Zhang Kai, Sun Wei, Liu Xin-Yu, Zhao Chang-Qing, Li Hua, Sun Xiao-Jiang, You-Zhuan Xie, Ding Wei, Zhao Jie
*Shanghai Key Laboratory of Orthopaedic Implants, Department of Orthopaedics, Ninth People's Hospital, Shanghai Jiaotong University School of Medicine, Shanghai †Department of Orthopedic Surgery, Qilu Hospital of Shandong University, Jinan, Shandong, PR China.
Clin Spine Surg. 2017 Apr;30(3):E189-E191. doi: 10.1097/BSD.0000000000000048.
Histologic, immunohistochemical (IHC), and enzyme-linked immunosorbent assay analysis of the human ligamentum flavum (LF).
The purpose of this study was to determine the level of expression of lysophosphatidic acid (LPA) in the LF from lumbar spinal stenosis (LSS) patients and to analyze the relationship among LPA, LPA receptors (LPARs), and LF hypertrophy.
LF hypertrophy and fibrosis are important causes of LSS. LPA is involved in the fibrotic process in multiple organ systems. Therefore, we hypothesized that LPA and its receptors might also play a role in degeneration of the LF in LSS patients.
Forty-one LF samples were enrolled in this study. The thickness of the LF was measured by magnetic resonance imaging. Histologic analysis using hematoxylin and eosin and Masson trichrome stain was performed for each LF to evaluate the architecture of the extracellular matrix. The content of LPA and connective tissue growth factor (CTGF) in LF samples was analyzed using enzyme-linked immunosorbent assay. The expression of LPAR1 was determined by IHC.

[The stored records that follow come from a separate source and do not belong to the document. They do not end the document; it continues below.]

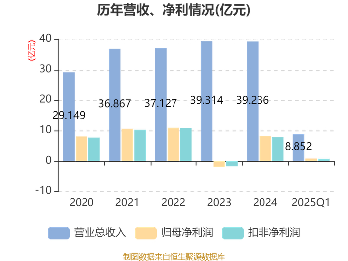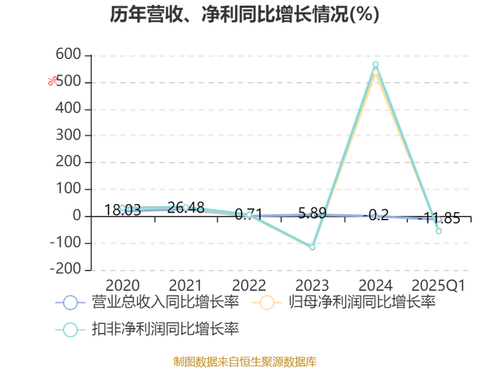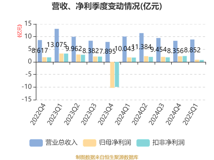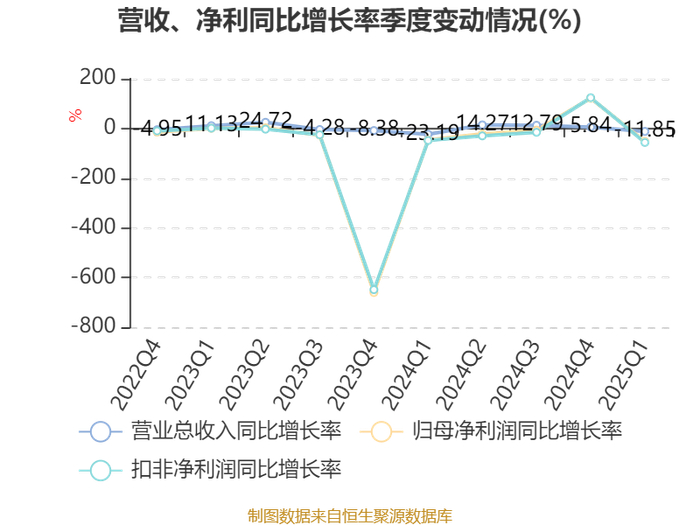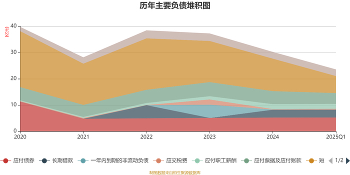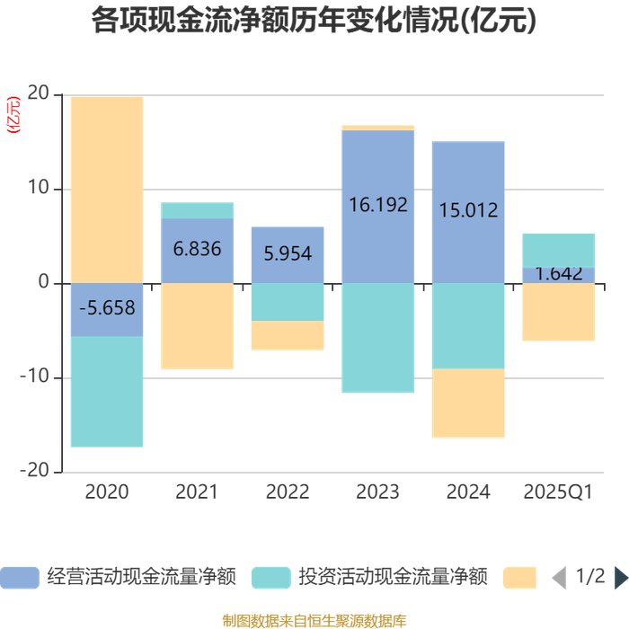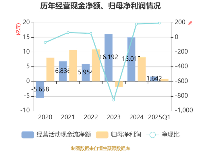 截至2025年一季度末,公司经营活动现金流净额为1.64亿元,同比下降18.29%;筹资活动现金流净额-6.12亿元,同比减少10.94亿元;投资活动现金流净额3.6亿元,上年同期为-7.9亿元。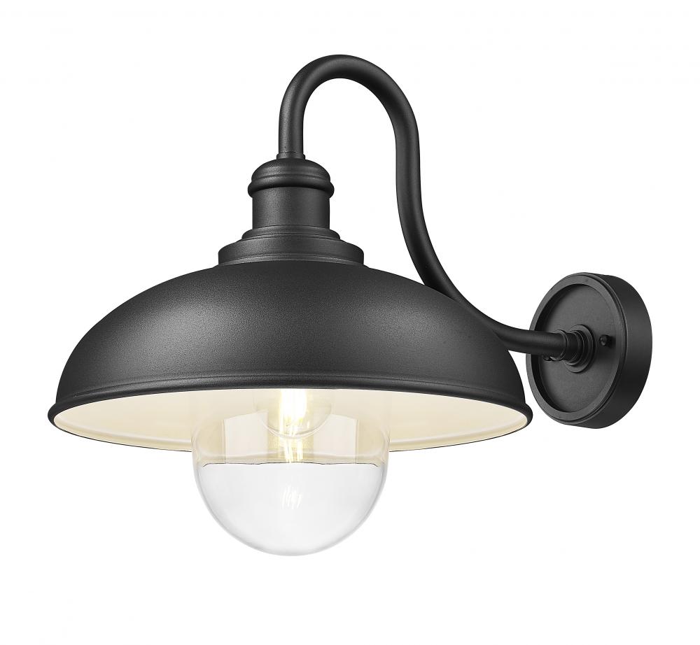 A capsule-style glass shade protects the light and offers charming flair to this modern industrial outdoor wall sconce. Designed with farmhouse character for inviting presence, it boasts a bold, decorative arm and domed shade, all in a textured sand black finish that adds durability you can count on.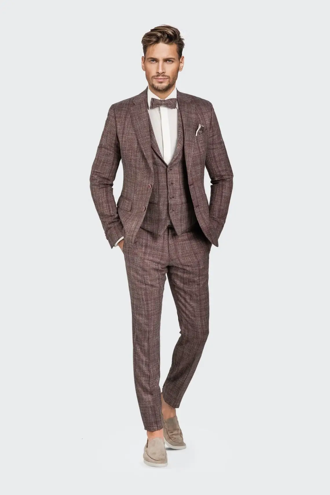 Ein sehr schöner Maßanzug in der Farbe Burgunderrot der Marke Roka Maatpak Trouwen, dreiteilig mit passender Weste. Die Rückseite der Weste besteht aus dem gleichen Stoff wie der Anzug, was dem Maßanzug ein besonders luxuriöses Aussehen verleiht. Die Hose des Maßanzugs hat keine Bundfalte und eine außergewöhnlich gute Passform, die speziell von ROKA entwickelt wurde. Dieser Maßanzug ist in begrenztem Umfang auch als Konfektion ab Lager lieferbar. Größenanpassungen können in unserer eigenen Werkstatt vorgenommen werden. Wenn Sie kurzfristig eine Konfektionsversion dieses Anzugs tragen möchten, fragen Sie zuerst, ob Ihre Größe in einem unserer Stores vorrätig ist.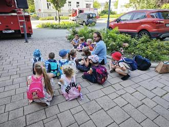 Nach einer kleinen Stärkung gab es noch eine Überraschung. Die Merseburger Feuerwehr simulierte für die Kinder einen kleinen Einsatz vor der Stadtverwaltung. Kreisbrandmeister Michael Jahn erklärte die Schutzmaßnahmen vom Feuerwehranzug bis zur Drehleiter mit Korb des Feuerwehrautos. "Ein rundum gelungener Besuch beim Oberbürgermeister", schwärmte Kita-Leiterin Katrin Horn.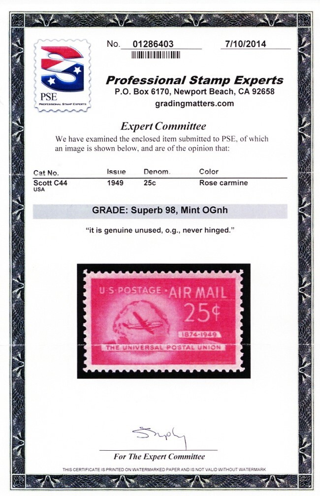 Due to the high cost of obtaining certificates we will only refund the cost of the stamp and not the cost of the certificate for stamps that sell for less than $250 that come back with a negative certificate. Stamps that sell for above $250 will receive a full refund for both the price of the stamp and cost of the certificate if it should come back not as described. For U.S. stamps only certificates from either APS, PSE or from the Philatelic Foundation are accepted, however "graded" certificates or "encased" items are not accepted.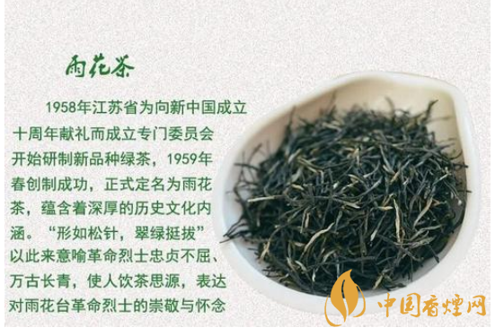 后來,雨花臺一帶開始遍布蔥郁碧綠的茶園。雨花茶的色、香、味、形俱佳,她外形圓綠、條索緊直、峰苗挺秀,帶有白毫,猶如松針,象征著革命先烈堅貞不屈、萬古長青的英雄形象。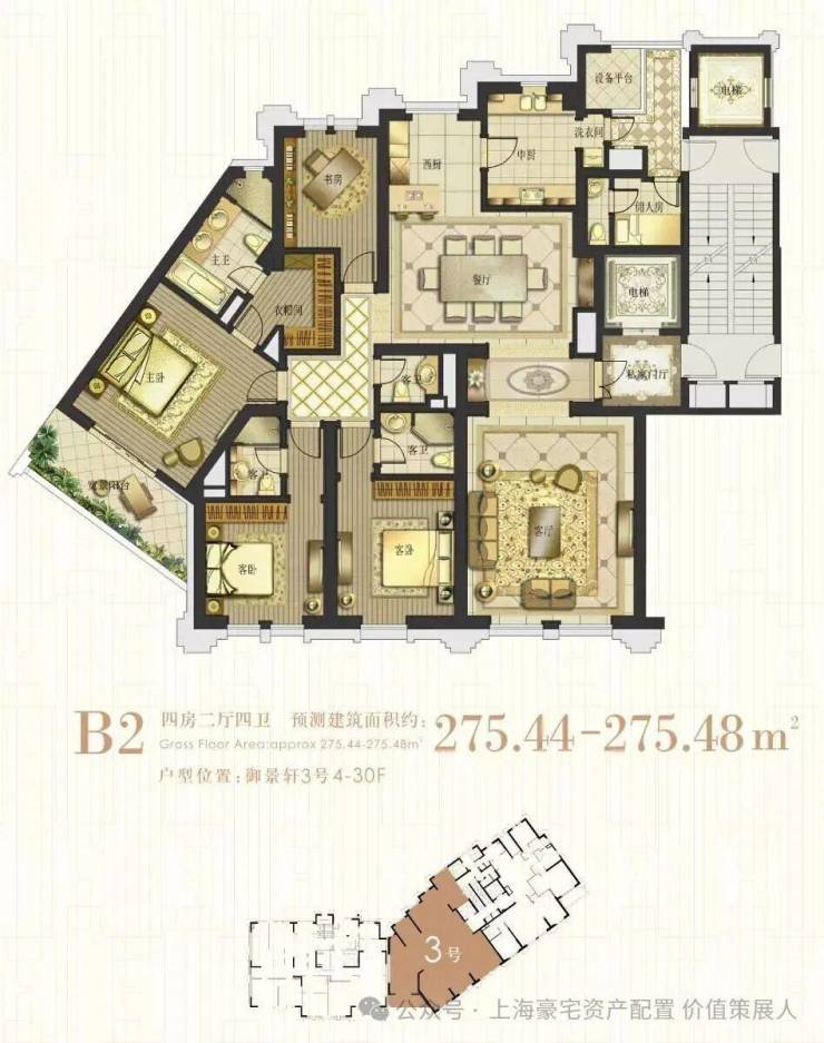 3号01室:275㎡4房2厅4卫,客厅朝东朝北,客厅和三个房间朝南,书房朝北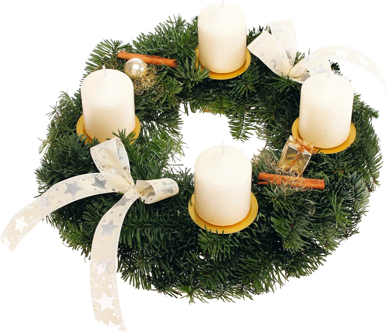 Der Adventskranz in warmen Cremetönen schafft eine gemütliche Atmosphäre und symbolisiert Hoffnung und ewiges Leben. Durchmesser: 27 cm. Ideal für jeden Tisch.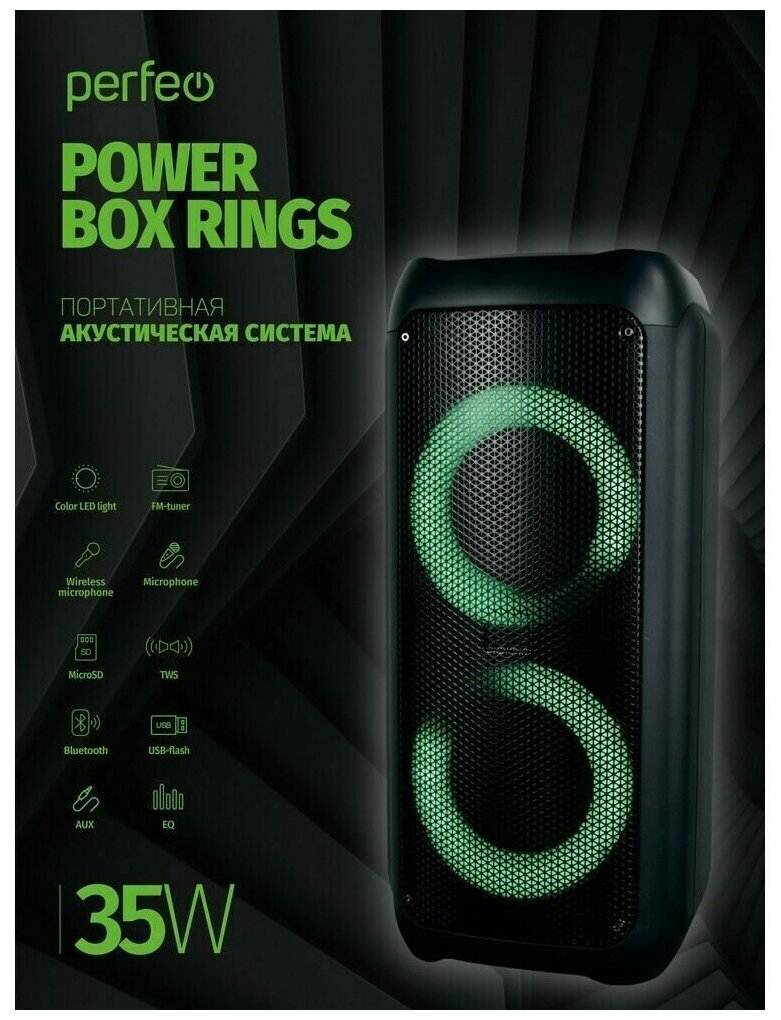 Perfeo портативная акустическая система Power Box 35 Rings + 2 беспроводных микрофона . интересное:

Degeneration of the LF was characterized by an increase in disorganized elastic fibers and fibrotic transformation by extracellular collagen deposition. The thickness of the LF and the concentration of LPA and CTGF in the hypertrophic LF group were significantly higher than the control group. Furthermore, the LPA and CTGF concentrations had a positive correlation with the LF thickness (r=0.91, P<0.001 and r=0.943, P<0.001, respectively). On the basis of IHC analysis, the expression of LPAR1 was increased in the hypertrophy group.
The increased expression of LPA and LPAR1 is associated with the fibrosis and hypertrophy of the LF in patients with LSS. Further study on the mechanism underlying LF fibrosis may lead to new therapies for LF hypertrophy and fibrosis.
对人黄韧带(LF)进行组织学、免疫组织化学(IHC)和酶联免疫吸附测定分析。
本研究旨在确定腰椎管狭窄症(LSS)患者黄韧带中溶血磷脂酸(LPA)的表达水平,并分析LPA、LPA受体(LPARs)与黄韧带肥厚之间的关系。
黄韧带肥厚和纤维化是腰椎管狭窄症的重要病因。LPA参与多个器官系统的纤维化过程。因此,我们推测LPA及其受体可能也在LSS患者黄韧带退变中起作用。
本研究纳入41份黄韧带样本。通过磁共振成像测量黄韧带厚度。对每个黄韧带样本进行苏木精-伊红染色和Masson三色染色的组织学分析,以评估细胞外基质的结构。采用酶联免疫吸附测定法分析黄韧带样本中LPA和结缔组织生长因子(CTGF)的含量。通过免疫组织化学法测定LPAR1的表达。
黄韧带退变的特征是弹性纤维排列紊乱增加以及细胞外胶原沉积导致的纤维化转变。肥厚型黄韧带组的黄韧带厚度、LPA和CTGF浓度显著高于对照组。此外,LPA和CTGF浓度与黄韧带厚度呈正相关(r分别为0.91,P<0.001和r为0.943,P<0.001)。基于免疫组织化学分析,肥大组中LPAR1的表达增加。
LPA和LPAR1表达增加与LSS患者黄韧带的纤维化和肥厚有关。对黄韧带纤维化潜在机制的进一步研究可能会带来针对黄韧带肥厚和纤维化的新疗法。